Changes in Approach That Help Scalability
The large commercial and open source projects that have successfully scaled Agile typically depart from conventional Scrum practices in several areas.

No Scrum meetings: Sprint planning meetings, retrospectives and Scrum-of-Scrum meetings are time-consuming, usually require that everyone be in one room, and usually don’t do a very good job of coordinating across teams. That’s why large-scale projects find ways to use online collaboration and planning tools to coordinate work within and across teams, with fewer meetings and conference calls.

“Pull,” “continuous flow,” and “publish what’s ready”: Although Scrum practices are far more agile than the waterfall methods they replaced, they still impose a degree of inflexibility. Once a sprint plan is complete, the features to be delivered are fixed, and so is the time frame to deliver them (usually 2-8 weeks).

Scalable projects typically use pull and continuous flow techniques (especially Kanban), so developers are always working on the highest priority tasks, and new functionality can be released as soon as it is ready.

Code review workflows (long used by open source projects) can be used to select contributions from hundreds of contributors and publish what’s ready. By helping organizations scale to more contributors and release more frequently, code review workflows can become a key building block of Scalable Agile.
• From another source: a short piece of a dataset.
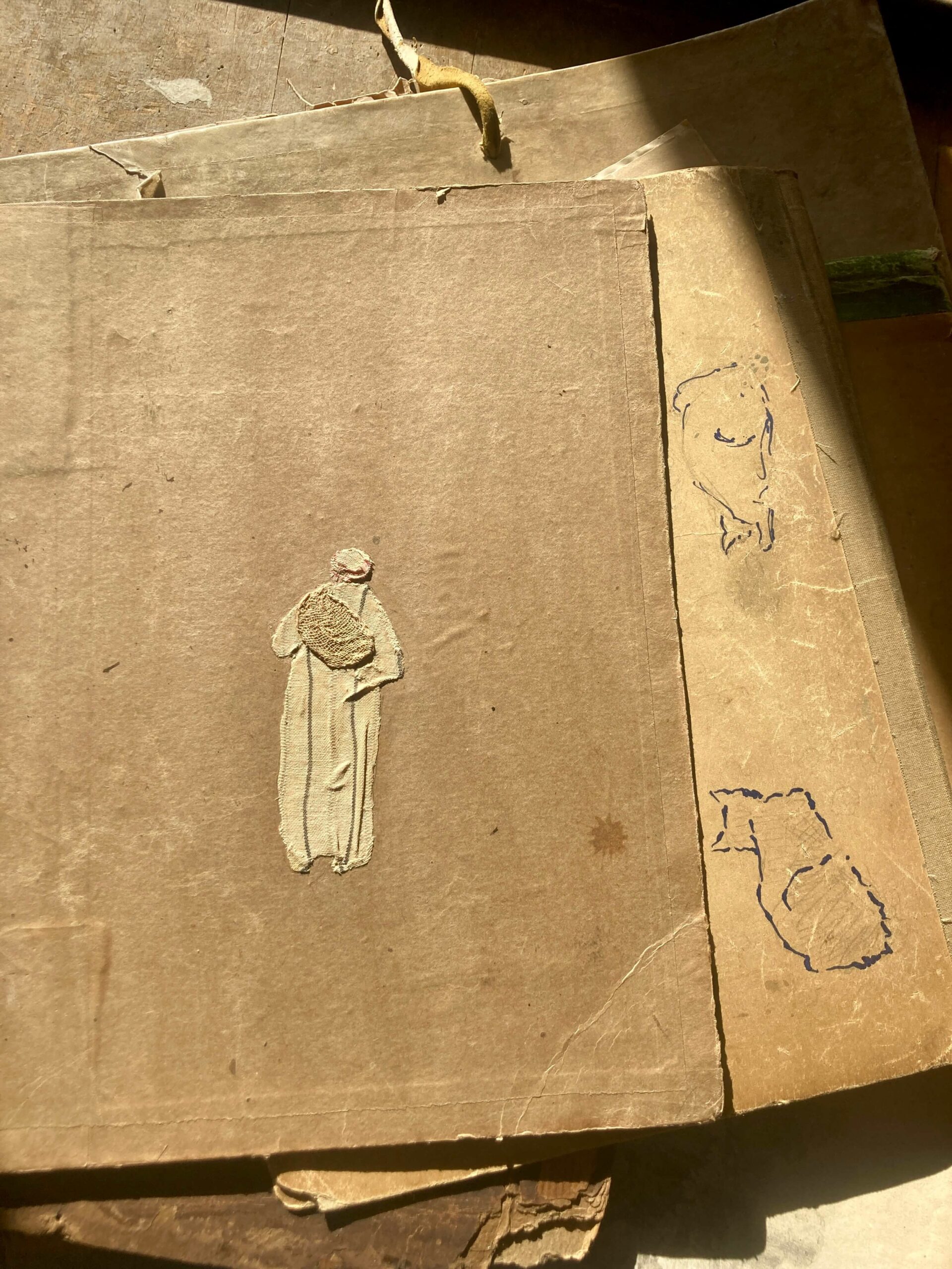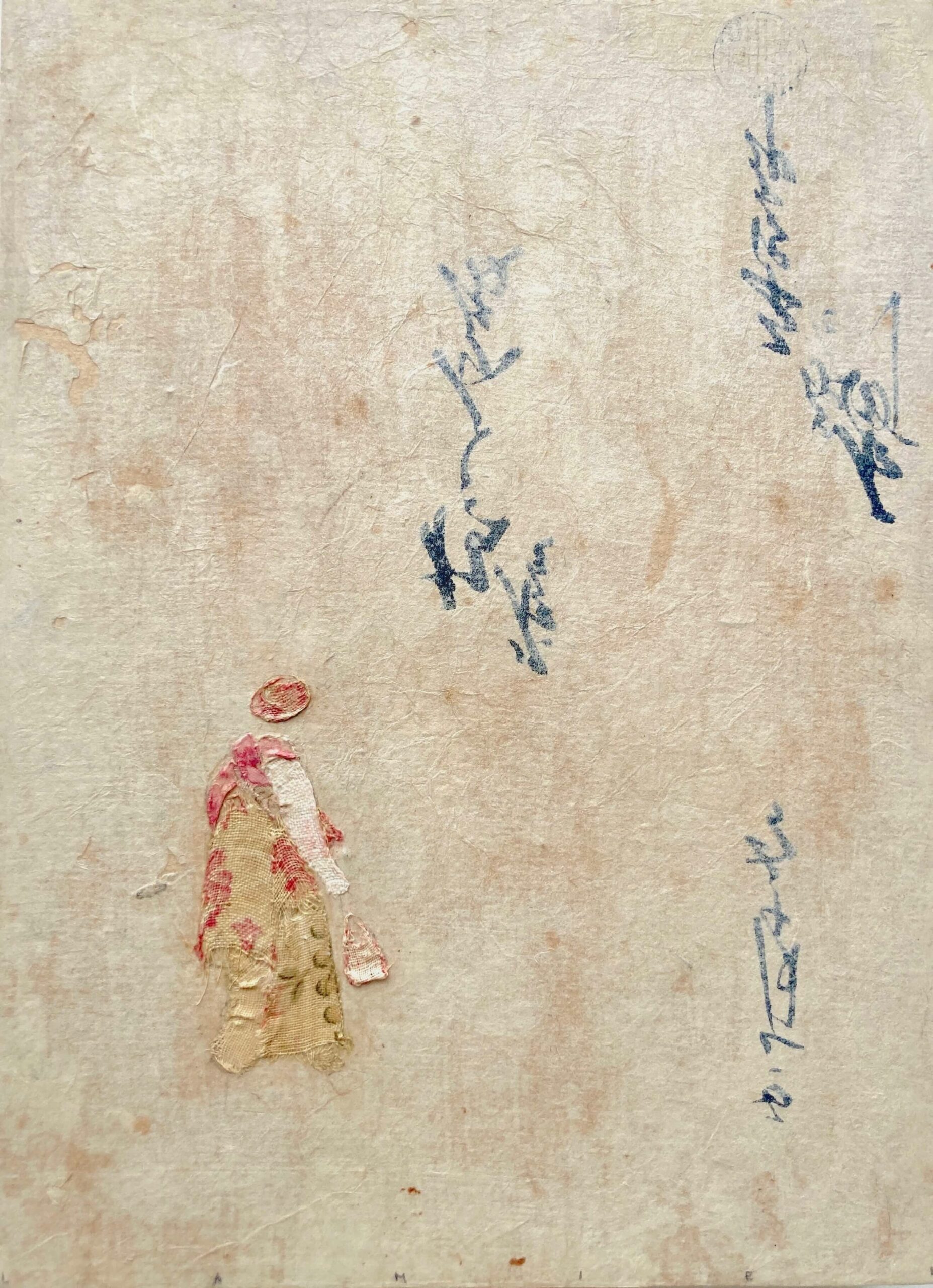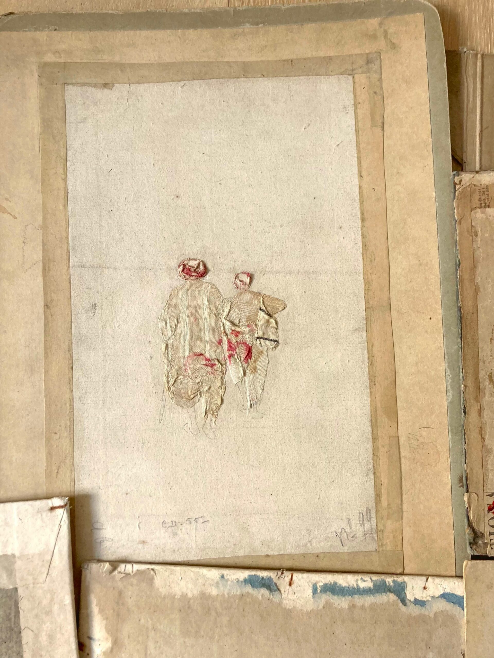 De ses voyages naît un lien viscéral à la matière : l’argile d’abord, dans sa pureté minérale, lui offre un premier souffle, un dialogue essentiel avec la terre ; puis ce rapport à la matière s’enrichit : papiers et tissus anciens, patiemment chinés et collectés, deviennent fragments d’histoires silencieuses qu’elle assemble, détourne, révèle, tissant entre leurs fibres le fil d’une parole intime.

Diverse contributors: Classic Scrum practices are designed for co-located teams of 8-10 members. But, in reality, large projects need to incorporate work from individual contributors, shared resources (e.g., architects and DBAs), outsourcing companies, and business partners as well as teams. Collaboration tools and code review workflows are central to meshing the work of these diverse contributors.

A Scalable Agile Process Framework
The question, then, is how can we apply the new approaches as a coherent whole?

Instead of each Scrum team having its own backlog, product management (or product owners) maintain a single project-wide backlog, with tasks sorted in priority order.

At any time, contributors can pull tasks from the top of the backlog into their own “Current Work” list. Ideally they will pull the highest-priority task, but if they do not have the necessary skills or resources they can move down the stack to find another high-priority assignment.

This process ensures that the highest-priority tasks are addressed first. If an urgent bug fix or a key customer feature request is placed at the top of the backlog it will receive immediate attention, instead of waiting for the next sprint.

Contributors can be individuals, teams, departments, or even entire organizations like an outsourcing firm or a business partner. There is no expectation or requirement that the tasks be done by Scrum teams of 8-10 members. This allows organizations to call on the talents of all kinds of individuals and companies, and in fact conforms to the reality of most large projects today.

Tasks are then managed using Kanban or lean principles. Typically this means that each person is working on one task at a time (i.e., the team has a work-in-process limit of one task for each person on the team).

Kanban principles ensure that once tasks are started they are completed as quickly as possible, which means that they can be released sooner, and also that other tasks which depend on the first task can be started sooner.

When tasks are completed, the contributor pulls in on-demand resources to build and test a release with the new code. This provides immediate feedback to the contributors, and allows them to catch and fix bugs right away. It also makes features available faster, because there is no wait for centralized build and test systems.

Finally, once new code submissions have been tested successfully, they can be pulled through a merge process into a staging area or into a final build. This means that a new version of the software can be assembled and released at any time, with whatever bug fixes and enhancements are available at that moment.

What Does This Accomplish?
How exactly does this Scalable Agile process framework address the shortcomings of Scrum and provide more scalable, responsive development efforts? Here are a few of the advantages:

  • There can be many types of contributors, including (but not limited to) conventional Scrum teams.
  • There is no need to spend time estimating tasks precisely, doing detailed sprint planning, or having long meetings to coordinate assignments across teams. As long as the backlog is maintained in priority order the highest-priority tasks will be addressed first.
  • Once tasks are started they are completed in the least possible time, meaning they can be released faster and dependent tasks can be started sooner.
  • Software quality is better, because test feedback is available as soon as a task is complete. Bugs can be fixed when it is clear what changes caused the problem, and when the code is fresh in the mind of the developer. Also, quality assurance does not become a bottleneck, a situation which often leads organizations to cut corners on testing (leading to yet more quality problems).
  • New versions of the application can be assembled and released at any time according to business demand. With sufficient automation this can be daily or even several times a day.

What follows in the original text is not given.